I don't really get what all the bitching is about.
There seem to be two complaints about this, more or less. One, it censors potentially valuable explicit material from youngsters; two, it opens the possibility of abuse by having people repeatedly flag unremarkable material as "explicit" or "offensive".
The censorship argument is nonsense. Sorry.
![[livejournal.com profile]](https://www.dreamwidth.org/img/external/lj-userinfo.gif)
People! Isn't ineffectual censorship the best kind of censorship there is? I don't want my reading to be censored effectively! I want it to fail completely! I am really entirely okay with their implementing an easy-to-circumvent mechanism for content filtering. If age filtering is gonna happen at all -- and you better believe that it will -- this really seems as mild a result as we could want.
Being able to flag someone else's content as "offensive" or "explicit" is a different matter and it's a question worth taking seriously. Nevertheless I think their solution is a reasonable one, on its face. Here's why:
Journals flagged by third parties as being explicit or offensive are not automatically filtered from the LJ community. The flags have to be reviewed by LJ staff. The combination of "multiple independent reports" and "human oversight" essentially amount to using the entire LJ community as a first-pass, coarse-grained filter for sexually explicit material. Having human staff or 6A volunteers (and, for the sake of argument, let us assume that these are reasonably intelligent adults) review user-flagged journals for content applies a degree of sanity to the process and prevents a small group of determined vandals from being able to hold LJ hostage.
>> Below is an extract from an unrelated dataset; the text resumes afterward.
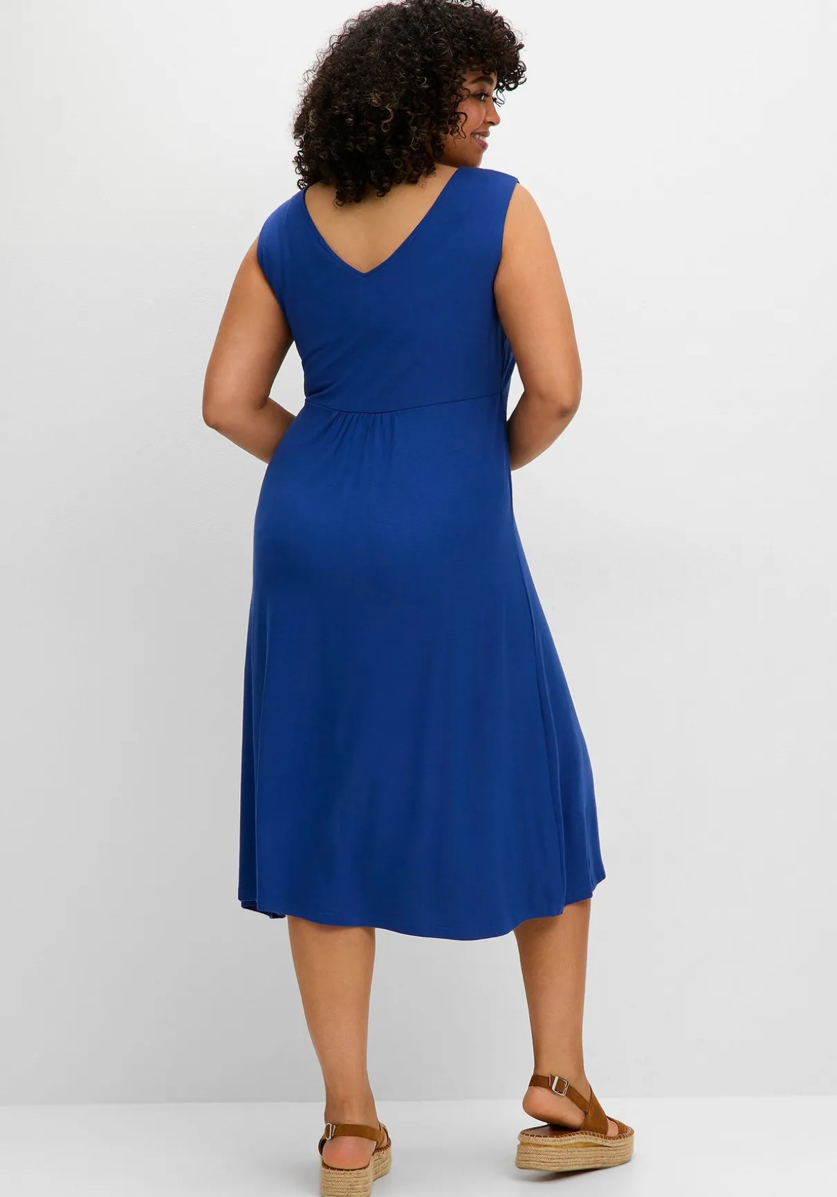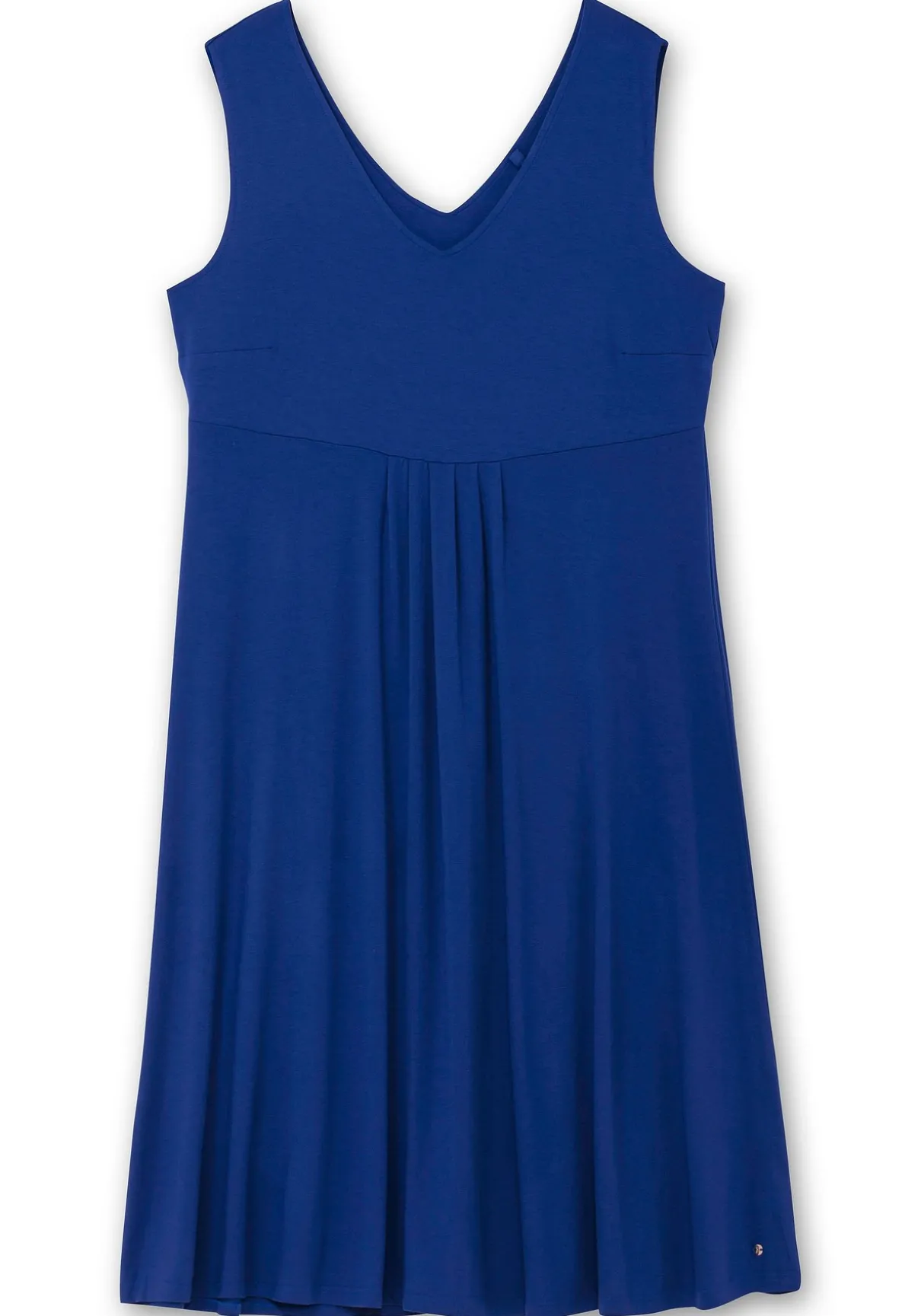 Jerseykleid in kniebedeckender Länge. In ärmelloser Form und mit luftigem V-Ausschnitt vorn und hinten wird das Kleid zum entspannten Sommerbegleiter. Eine Teilungsnaht auf Taillenhöhe verleiht der Silhouette Form, die Raffung darunter gibt dem Rock einen schönen Fall. Ein perfektes Kleid für Alltag, Strand und Urlaubskoffer!

This is not a feature I would have requested. But assuming that it had to be done? Believe me, this solution beats a lot of the alternatives all to hell. Frankly, I think Six Apart deserves some credit for
applying some thought to the problem and coming up with a good compromise between investor pressure, freedom of expression and limited resources.
no subject
Date: 2007-11-30 09:16 pm (UTC)USENETLiveJournal!no subject
Date: 2007-11-30 09:19 pm (UTC)History this past calendar year alone shows this assumption to be unfounded, incorrect, incomplete, and otherwise just plain wrong.
no subject
Date: 2007-11-30 09:35 pm (UTC)The major reason this bugs me is because it makes it much less likely for anyone not on LJ to read anything on LJ. If, say, my journal gets flagged as an adult content journal - which it well might - that would mean that anyone not on LJ who came upon it would see nothing but a page of lj-cuts, and not informative lj-cuts, but ones that say only "This may be explicit material." If you came upon a web page and the only thing it showed you was a list of links with absolutely no information about what was behind them - would you bother clicking around? And even if you did, the next thing you would find would be an "I certify I'm over 18" button. By that point people have given up and gone away.
So if you don't want someone's writings read, get them flagged. LJ will say it's not censorship because they're not deleting anything, but probably you've cut the readership of it in, say, half. I suspect this will start getting abused for political reasons, in, oh, negative one hour.
no subject
Date: 2007-11-30 09:53 pm (UTC)If you came upon a web page and the only thing it showed you was a list of links with absolutely no information about what was behind them - would you bother clicking around? And even if you did, the next thing you would find would be an "I certify I'm over 18" button.
Believe me, there is no better way to get me to click through into a web site than by putting it behind a link that says "This may contain explicit material" and a button that says "I swear I'm really over 18".
I also don't expect this to become subject to widespread and blatant abuse for the reasons cited above. If I don't want someone's writings read, I can try to flag them, but I expect that even the LJ abuse team would recognize a baldly fraudulent attempt to get someone's political writings flagged as "offensive content."